*INSTRUCTIONS FOR THE TASK:*
Reproduce the data below exactly as written. Pictures do not belong in the copy.

*RECORDED DATA:*
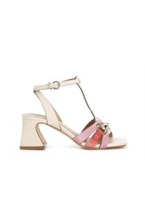 Sandali t in pelle e pelle scamosciata bicolor con morsetto. tacco h. 70mm
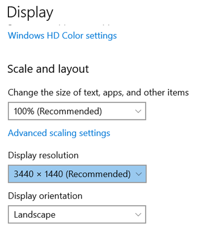 3. If you have increased Windows’s display scaling to anything greater than 100%, revert back to 100% and choose a specific display resolution, instead, to achieve the same scaling effect. I have found that TradeStation does not work well with Windows scaling, but does work well when setting the resolution directly to achieve the same scaling effect.  Just choose a resolution suitable for your monitor that upscales the resolution.  You may need to try a couple to find the best match with your monitor.  These settings can be found the Windows system display settings.
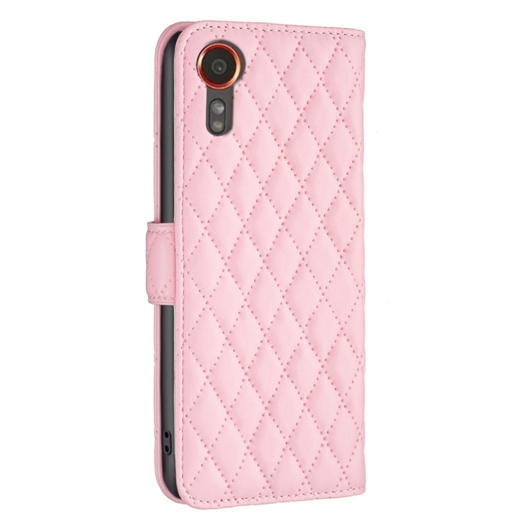 Funda de Cuero con Tapa para Samsung Galaxy Xcover 7 Diamond Lattice (Rosa)
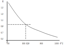 Константа равновесия реакции может быть рассчитана по эмпирическому уравнению:

*TASK SOLUTION:*
 Sandali t in pelle e pelle scamosciata bicolor con morsetto. tacco h. 70mm
 3. If you have increased Windows’s display scaling to anything greater than 100%, revert back to 100% and choose a specific display resolution, instead, to achieve the same scaling effect. I have found that TradeStation does not work well with Windows scaling, but does work well when setting the resolution directly to achieve the same scaling effect.  Just choose a resolution suitable for your monitor that upscales the resolution.  You may need to try a couple to find the best match with your monitor.  These settings can be found the Windows system display settings.
 Funda de Cuero con Tapa para Samsung Galaxy Xcover 7 Diamond Lattice (Rosa)
 Константа равновесия реакции может быть рассчитана по эмпирическому уравнению:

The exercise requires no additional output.